## What you are asked to do:
A verbatim copy of the data is wanted, minus any picture in it.

== Recorded data

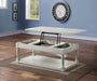 Cottage styling in a Lift-Top Cocktail Table that lets you work or eat while seated on your Sofa. The Hemingway Cocktail features classic cottage design like turned legs, plank top and an alabaster finish. The plinth base offers a sturdy foundation to anchor the Lift-Top convenience of the table. A bottom shelf offers additional storage or display options while two storage pockets underneath the lift-top offer convenient storage for remotes or other items.
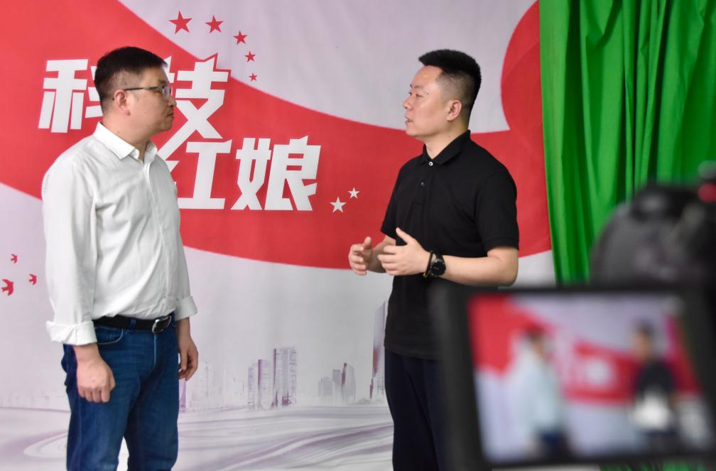 程凡(右一)在和同事录制“科技红娘”技术转移知识短视频。新华社记者 郑昕 摄
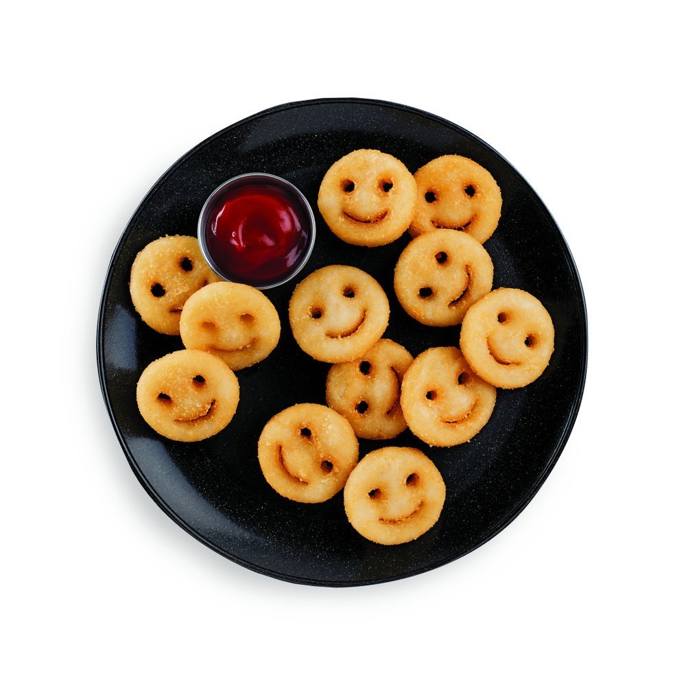 Smile-shaped mashed potatoes have a crispy outside and creamy mashed potato inside for a taste and texture that appeals to kids.
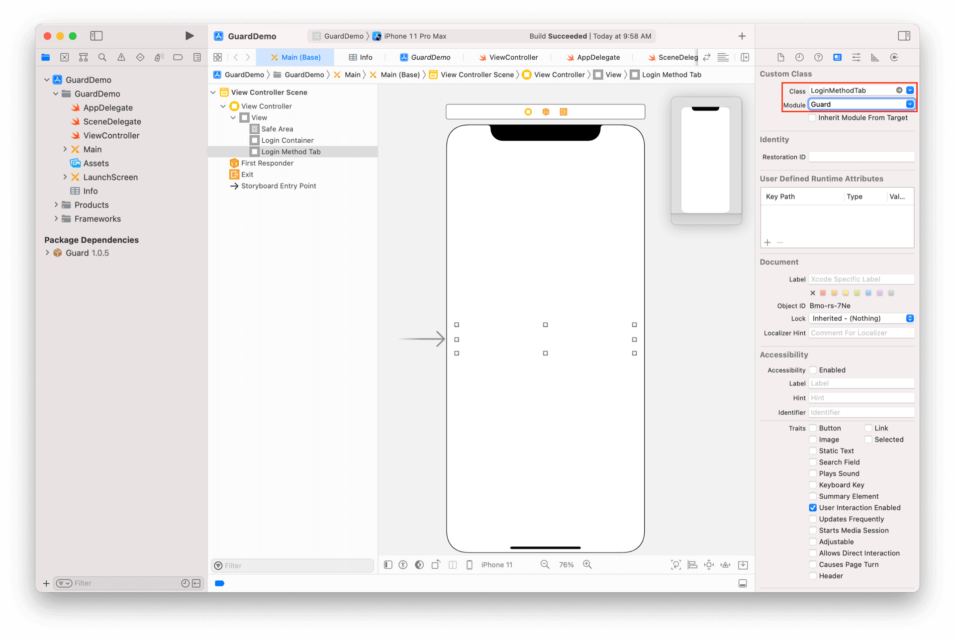 放置一个 UIView,并将其类型改为 LoginMethodTab

====

## Result of the task:
 Cottage styling in a Lift-Top Cocktail Table that lets you work or eat while seated on your Sofa. The Hemingway Cocktail features classic cottage design like turned legs, plank top and an alabaster finish. The plinth base offers a sturdy foundation to anchor the Lift-Top convenience of the table. A bottom shelf offers additional storage or display options while two storage pockets underneath the lift-top offer convenient storage for remotes or other items.
 程凡(右一)在和同事录制“科技红娘”技术转移知识短视频。新华社记者 郑昕 摄
 Smile-shaped mashed potatoes have a crispy outside and creamy mashed potato inside for a taste and texture that appeals to kids.
 放置一个 UIView,并将其类型改为 LoginMethodTab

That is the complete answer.